The impressive personages included in these pages are not limited to the past, as Budde also draws on the examples of personal friends, colleagues, and mentors in her life and work. Budde introduces womanist theologian Kelly Brown Douglas, dean of Episcopal Divinity School and canon theologian of Washington, as someone who “has something to say about the societal wrongs that as a white Christian I don’t always see,” always believing that Jesus “continues to experience the realities of crucifixion in the lives of Black people and feels the pain of it as if for the first time.”

Presiding Bishop Michael Curry is another Black leader in a predominantly white denomination. Budde notes his amazing ability throughout his long ministry to “take strong public positions on controversial subjects yet maintain genuinely affectionate relationships with those who disagreed.”

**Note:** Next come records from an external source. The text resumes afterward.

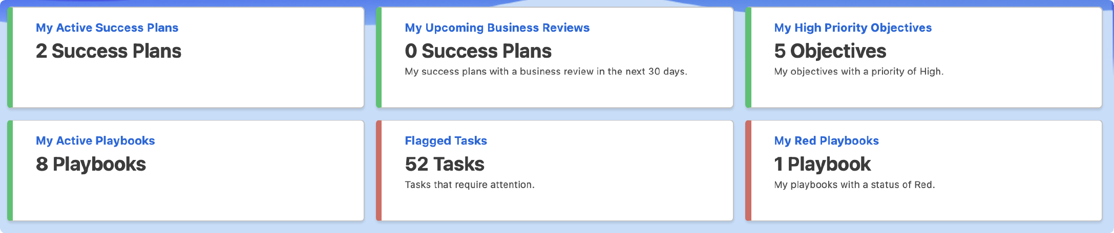 KPI cards provide you with information to highlight important details about your playbooks, objectives, success plans and tasks. To display a list of detailed records specific to each card, click the blue title link.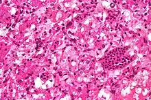 Micrograph of a cerebellar hemangioblastoma. HPS stain.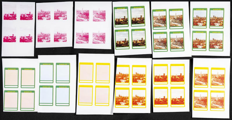 1971. Olympic Games Munich. Group of progressive plate proofs of the set. (Michel: 693/00). TO EXAM. Description of lots is limited to the cataloguing of the stamps and their characteristics. The total of the material included in each case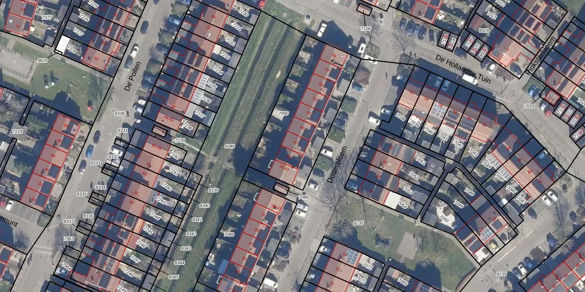Het perceel waarop Dotterbloem 47 staat heeft een oppervlakte van 1000 m². Dit is een zeer groot perceel. De perceeloppervlakte wordt geregistreerd door het Kadaster. Gedetailleerde informatie over de maten van dit perceel kunt u vinden in het rapport Kadastrale kaart met maatvoering van Dotterbloem 47.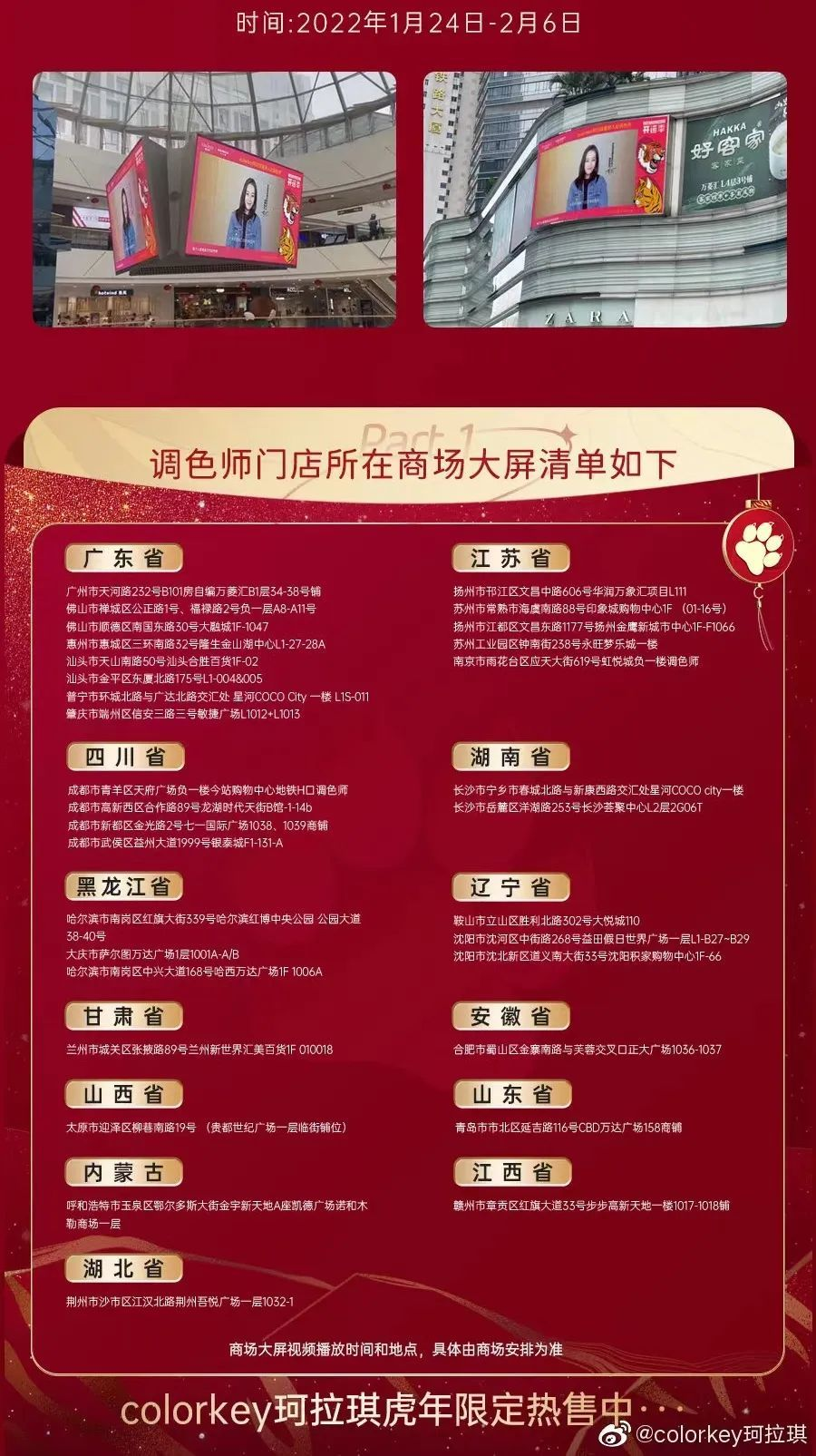 以 COLORKEY珂拉琪为例,去年 1 月 20 日,品牌官宣入驻 THE COLORIST调色师的时候,就曾携手代言人迪丽热巴在春节期间,在 THE COLORIST调色师全国 32 个门店强势霸屏。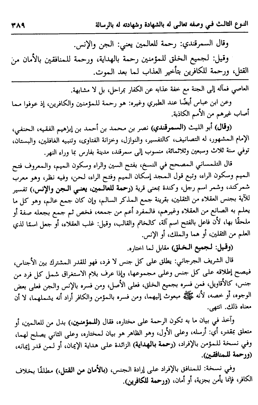 قال التلمساني المصحح في النسخ، بفتح السين والراء وسكون الميم، والمعروف فتح الميم وسكون الراء، وتبع قول المجد إسكان الميم وفتح الراء، لحن، وفيه نظر، وهو معرب شمركند، وشمر اسم رجل، وكندة بمعنى قرية "رحمة للعالمين، يعني الجن والإنس" تفسير للآية بجنس العقلاء من الثقلين، بقرينة جمع المذكر السالم، وإن كان جمع عالم، وهو كل ما يعلم به الصانع من العقلاء وغيرهم، فالمفرد أعم من جمعه، فخص ثم جمع بجعله صفة أو ملحقًا بها؛ لأن فاعل بالفتح اسم آلة، كالخاتم والقالب، وقيل: غلب العقلاء، أو جعل اسمًا لذي العلم من الثقلين، أو هما والملك، أو الإنس.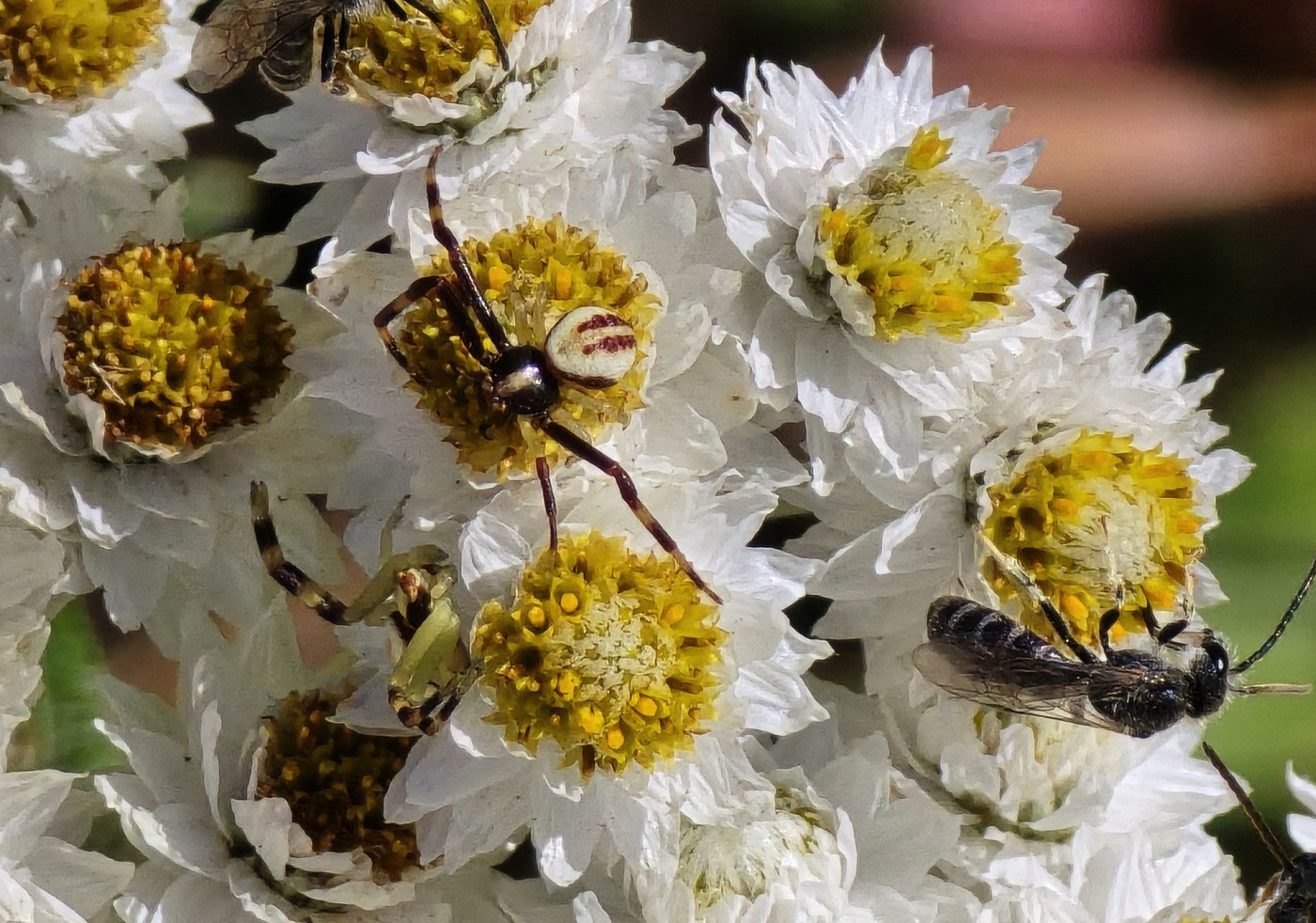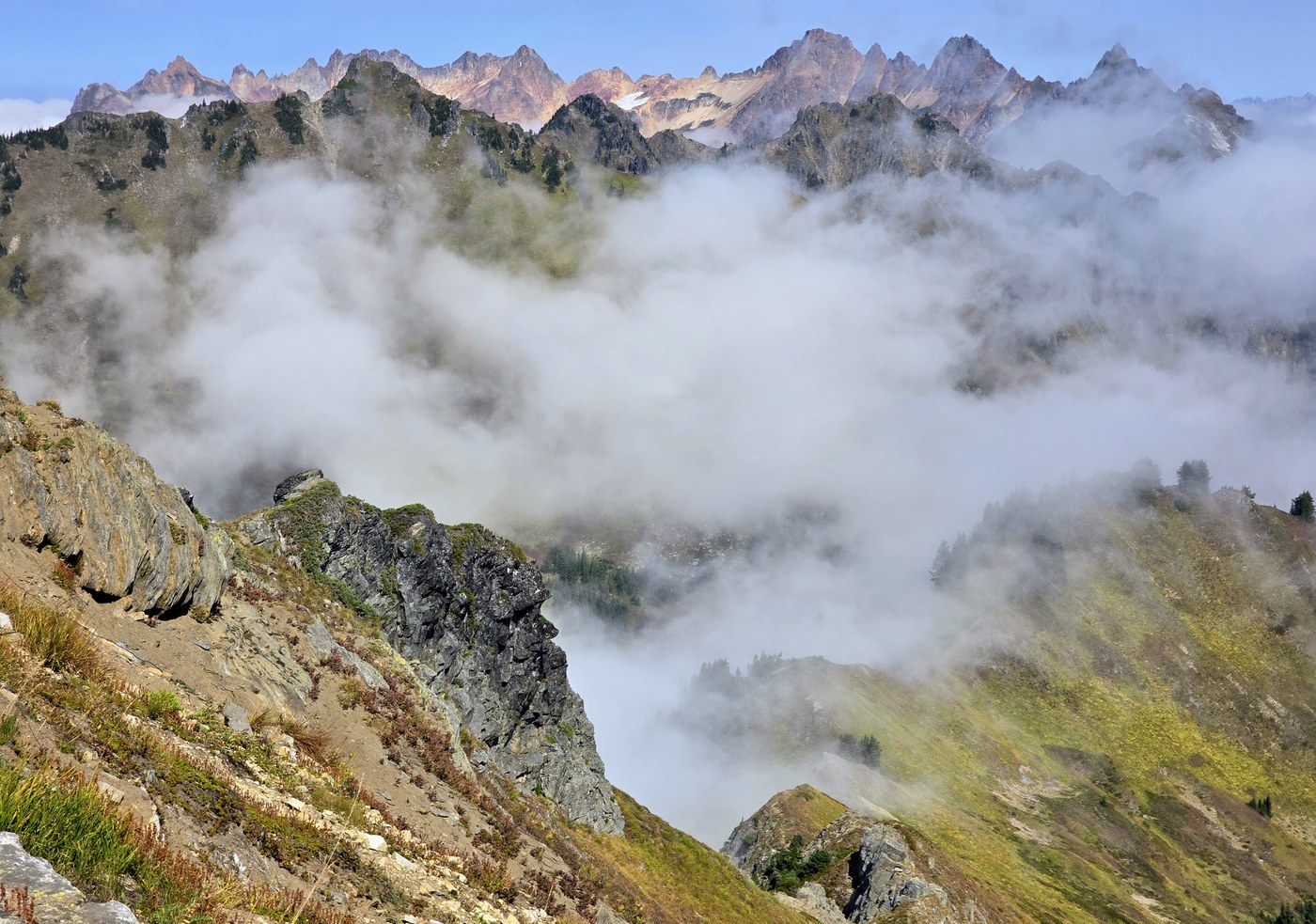 A group of 4 headed up to the lookout at 9:30. We saw 2 groups of unsuccessful hunters (bear) coming down in the first mile. On entering the meadows we could see why they had traveled so far to hunt here, there were more blueberries than I have ever seen (photo 1, this was not the thickest clump, once I got 9 berries with one grab). The mountain ash and white rhododendrons are just starting to turn, but many of the berries are in full color (photo 2) and some a little past. The views are outstanding (photo 3). The few flowers (pearly everlasting, harebell, asters, goldenrod) that were blooming had many pollinators and a few crab spiders on them (photo 4). On the lower sections, the bracken ferns and thimbleberry are very thick and colorful. The trail is in great shape. A nice feature is that you only spend a mile in the woods and the tread is gradual and often soft with duff (I think western hemlocks above tend to produce a soft tread below). Both the Suiattle River road and the 5 miles of the Green Mt Road are in pretty good shape with occasional potholes, some fairly large embedded rocks, and a few 3 inch or so loose rocks. Any car could make the journey. We saw many berries, birds, and other animals, thanks Paul for the list below!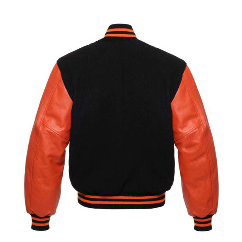 เสื้อแจ็คเก็ตวาร์ซิตี้คุณภาพสูงสำหรับผู้ชาย ผ้าฝ้ายฟลีซ แขนยาว หนังเรียบ แบบ Letterman มีกระเป๋าข้างสองด้าน

And Edwin Friedman, the late rabbi and author who as a mentor to Budde served as “a ballast” in her life, was someone whose work on family systems and self-differentiation has helped promote the possibility of healthy, non-anxious leaders in congregations. These persons, along with the historical and literary figures presented in the book, serve as exemplars of courage in the face of life’s difficulties, doubts, and disputes. As Budde notes, “I wrote this book to honor the breadth and depth of what courage looks like in decisive moments.”

Interwoven throughout all of this is Budde’s story. She allows a transparency and vulnerability without falling into the trap of literary egoism. Indeed, looking back on what she said during the custody hearings at the time of her parents’ divorce, and the effect her words had on her mother, she acknowledges how she “is stunned by her capacity for cruelty.”

All of this is framed by an introduction and epilogue that describe what is perhaps the most public moment of the author’s vocational life, when she spoke out in various interviews against President Trump’s actions on June 1, 2020, as he engaged in a photo op, Bible in hand, in front of St. John’s, Lafayette Square, the “Church of the Presidents.”

“President Trump does not speak for St. John’s,” Budde declared. “We disassociate ourselves from the messages of this president and align ourselves with those seeking justice for the death of George Floyd and countless others.”

In our present age of deep political divisions, this book will not be for everyone. The framing tale will be welcomed by many readers, while other potential readers will likely find it reason to go no further. And this is a shame, for there is much wisdom to be gleaned within its pages, wisdom that can prove helpful for all who seek to be courageous in the decisive moments of our life and faith.